Archive for December, 2009


December 28, 2009

You won’t find “yearender” in the dictionary. It’s a term used by broadcasters for reports and documentaries at year’s end to feature the big stories of the year.  That’s what this podcast does, except, being a blog, it get’s personal.

Just click on 2009 YEARENDER

The Landings Sets a Fine Example for Other Shopping Centers to Follow

December 22, 2009


Not only the Christmas decorations impress me, but the whole artistic, and creative approach of The Landings.  It’s more than just concrete, asphalt and stores.   It’s trees, and shrubbery, and sculptures…and, for Christmas…

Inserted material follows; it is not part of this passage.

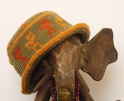 Tapestry crochet dancing figures make their way around the crown and sides, forming a vibrant design.

the Budweiser Clydesdales in person!

And a real, working carousel.

Of course, the best example of what can be done with shrubbery, trees, sculpture, sidewalks, streets, fountains is downtown Columbus; however, that’s a different ball game.  Tax dollars are involved in that show.

Experiencing Rails to Trails

December 20, 2009

Milton Jones, retired Columbus attorney and state legislator, sent us this email.  I think he has some good advice.

By Milton Jones

I know you are aware of the fact that the “Bike” (I put it in quotes for I think many more will walk it than ride bikes) Trail is nearing completion.  There are portions of it which for all practical purposes are already complete, one stretch being from Hilton Avenue to CSU property on  the east side of I-185.  Jeanette and I have walked this section and it is stunningly beautiful.  You owe it to yourself to do so if you can, for I think you will be really impressed.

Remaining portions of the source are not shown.